*Aim of the task*
Set the whole listing down again, word for word, with no pictures.

*Data extract*

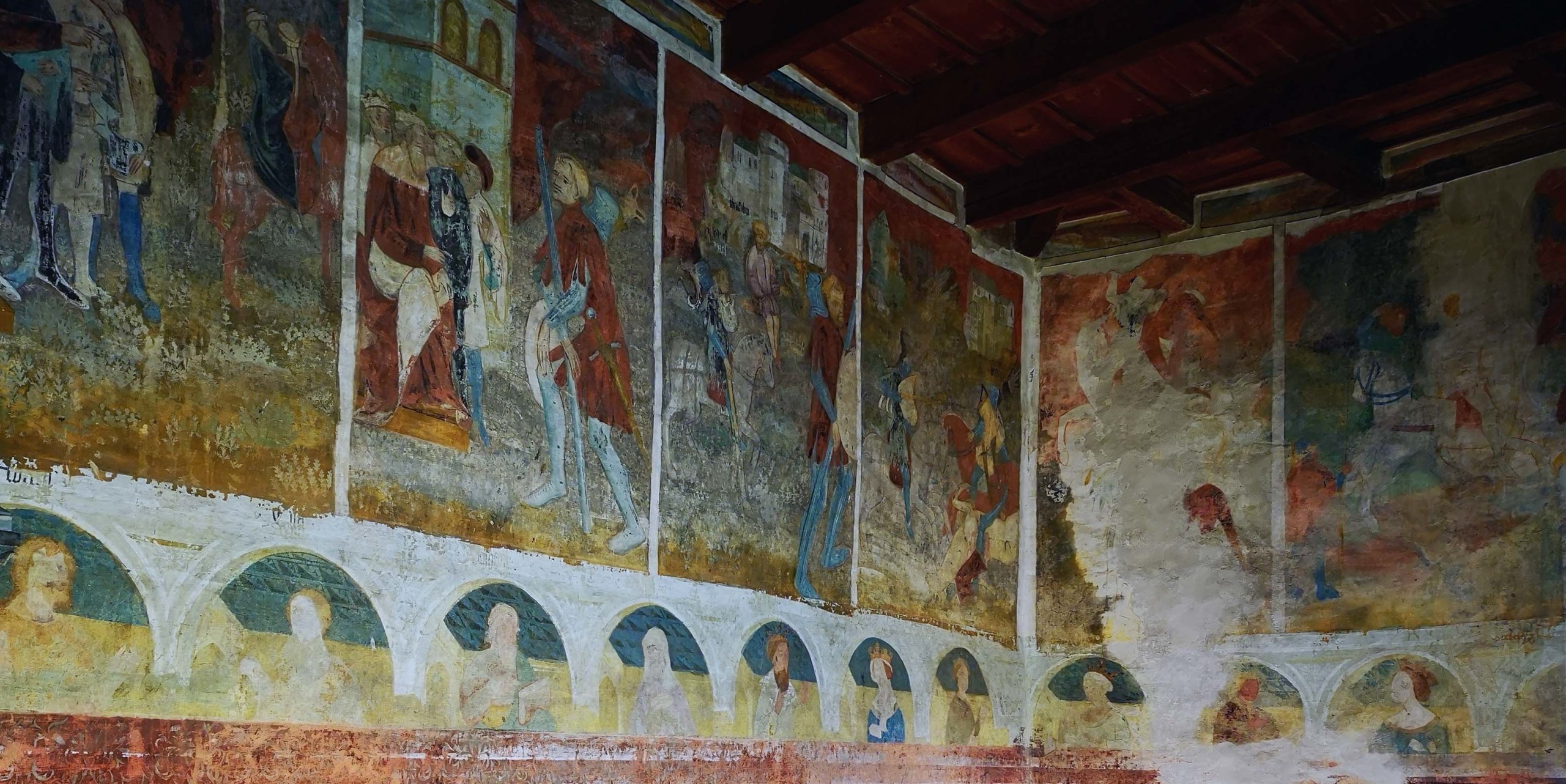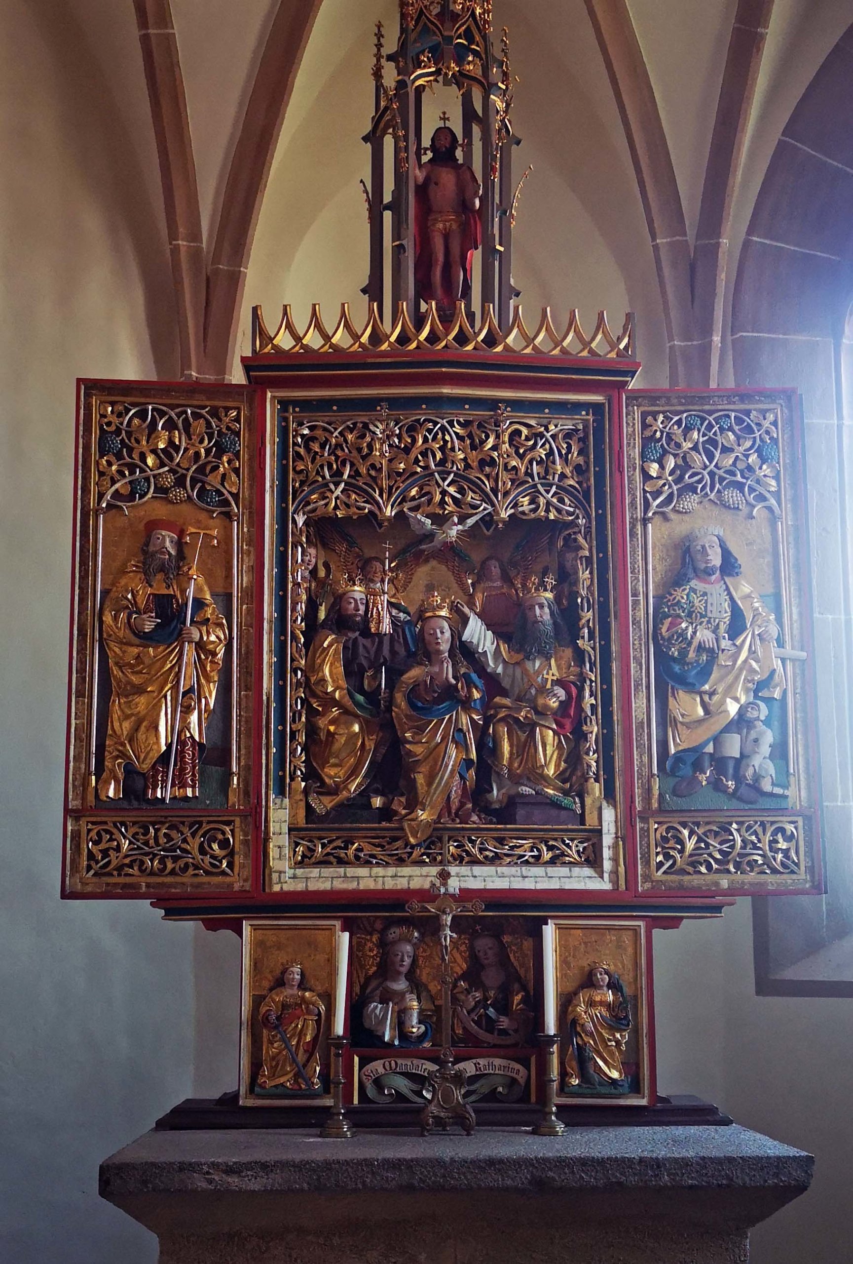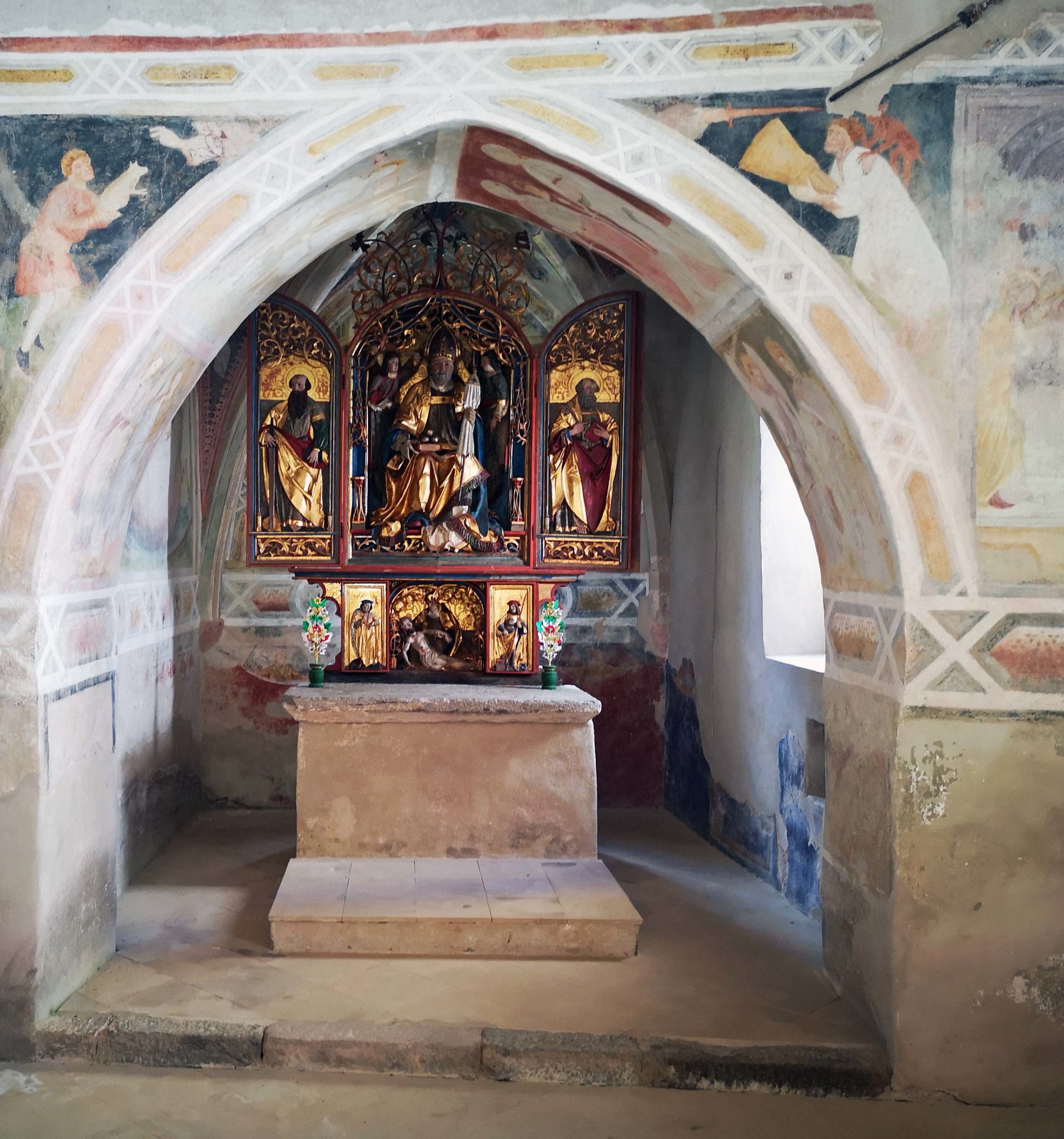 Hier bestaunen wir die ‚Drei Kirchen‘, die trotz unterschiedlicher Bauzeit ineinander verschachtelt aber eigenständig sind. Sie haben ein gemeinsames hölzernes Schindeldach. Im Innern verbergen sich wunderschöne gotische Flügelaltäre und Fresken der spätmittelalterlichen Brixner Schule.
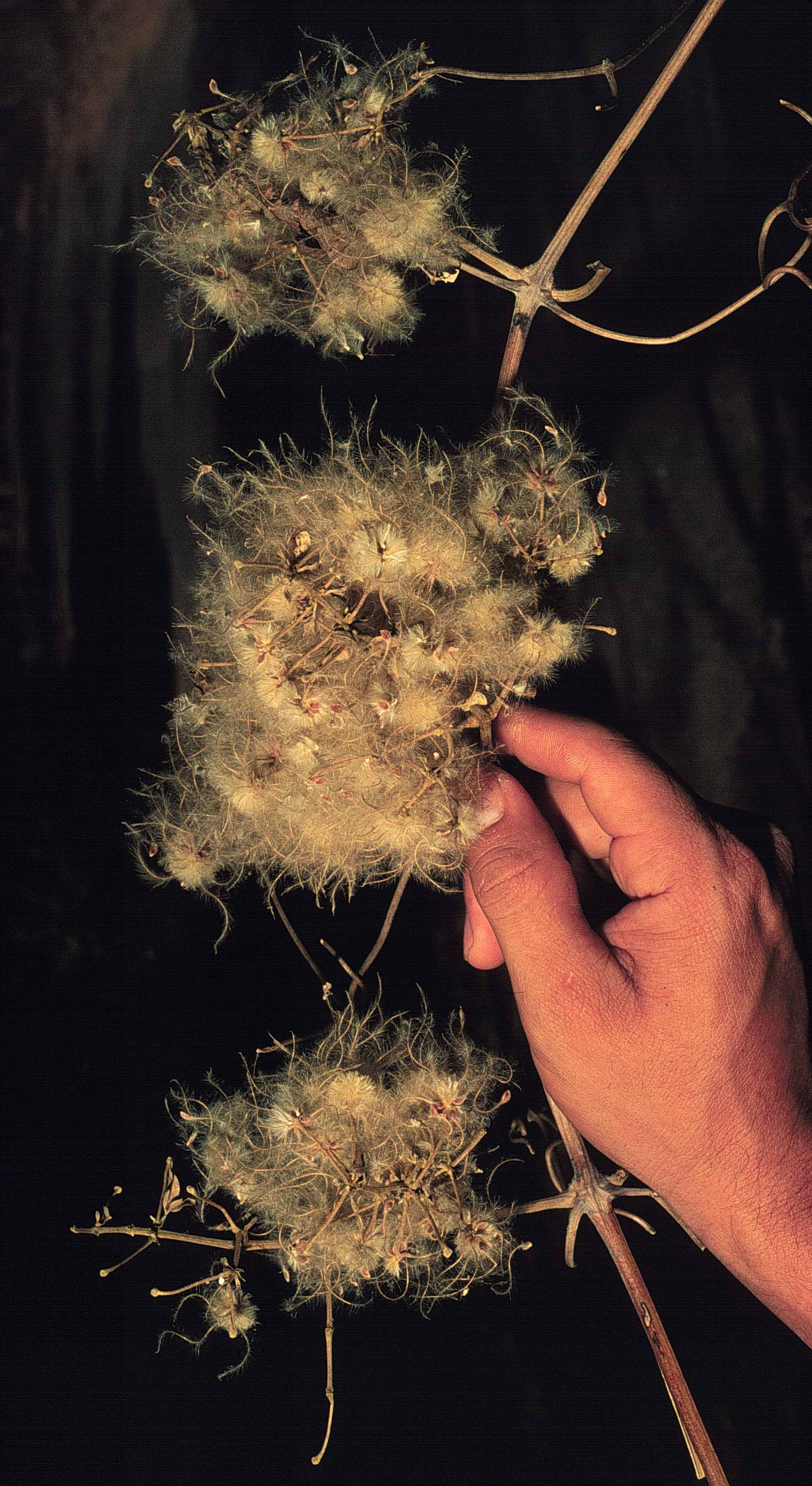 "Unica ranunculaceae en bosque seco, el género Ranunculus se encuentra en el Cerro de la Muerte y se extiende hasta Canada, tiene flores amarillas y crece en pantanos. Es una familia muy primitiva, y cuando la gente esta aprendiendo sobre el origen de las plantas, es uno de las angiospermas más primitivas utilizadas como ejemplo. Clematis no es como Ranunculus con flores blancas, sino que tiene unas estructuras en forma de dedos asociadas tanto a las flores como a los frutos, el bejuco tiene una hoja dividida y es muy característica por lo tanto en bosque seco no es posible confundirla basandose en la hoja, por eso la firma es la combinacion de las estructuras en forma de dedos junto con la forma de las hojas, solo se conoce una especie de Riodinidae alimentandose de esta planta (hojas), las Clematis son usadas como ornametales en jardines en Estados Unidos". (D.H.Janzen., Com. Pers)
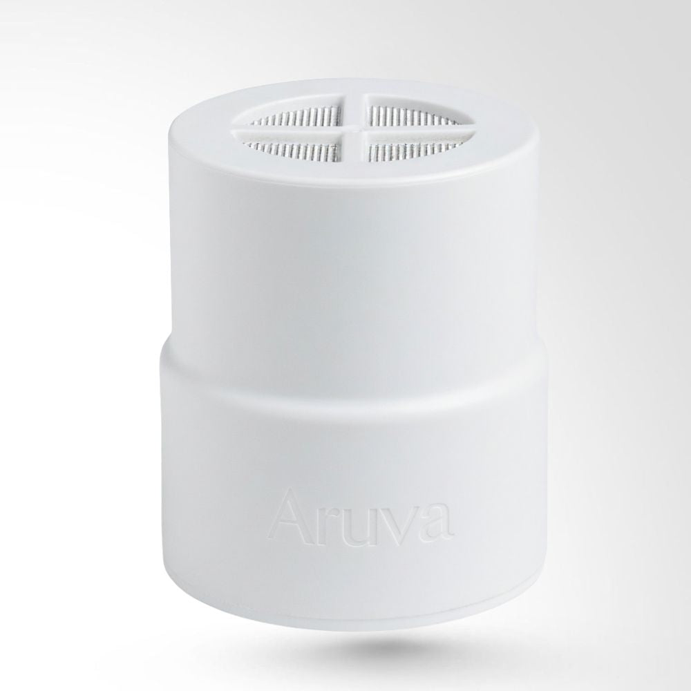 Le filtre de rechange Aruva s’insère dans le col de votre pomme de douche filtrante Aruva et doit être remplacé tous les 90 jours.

*Answer for the task*
 Hier bestaunen wir die ‚Drei Kirchen‘, die trotz unterschiedlicher Bauzeit ineinander verschachtelt aber eigenständig sind. Sie haben ein gemeinsames hölzernes Schindeldach. Im Innern verbergen sich wunderschöne gotische Flügelaltäre und Fresken der spätmittelalterlichen Brixner Schule.
 "Unica ranunculaceae en bosque seco, el género Ranunculus se encuentra en el Cerro de la Muerte y se extiende hasta Canada, tiene flores amarillas y crece en pantanos. Es una familia muy primitiva, y cuando la gente esta aprendiendo sobre el origen de las plantas, es uno de las angiospermas más primitivas utilizadas como ejemplo. Clematis no es como Ranunculus con flores blancas, sino que tiene unas estructuras en forma de dedos asociadas tanto a las flores como a los frutos, el bejuco tiene una hoja dividida y es muy característica por lo tanto en bosque seco no es posible confundirla basandose en la hoja, por eso la firma es la combinacion de las estructuras en forma de dedos junto con la forma de las hojas, solo se conoce una especie de Riodinidae alimentandose de esta planta (hojas), las Clematis son usadas como ornametales en jardines en Estados Unidos". (D.H.Janzen., Com. Pers)
 Le filtre de rechange Aruva s’insère dans le col de votre pomme de douche filtrante Aruva et doit être remplacé tous les 90 jours.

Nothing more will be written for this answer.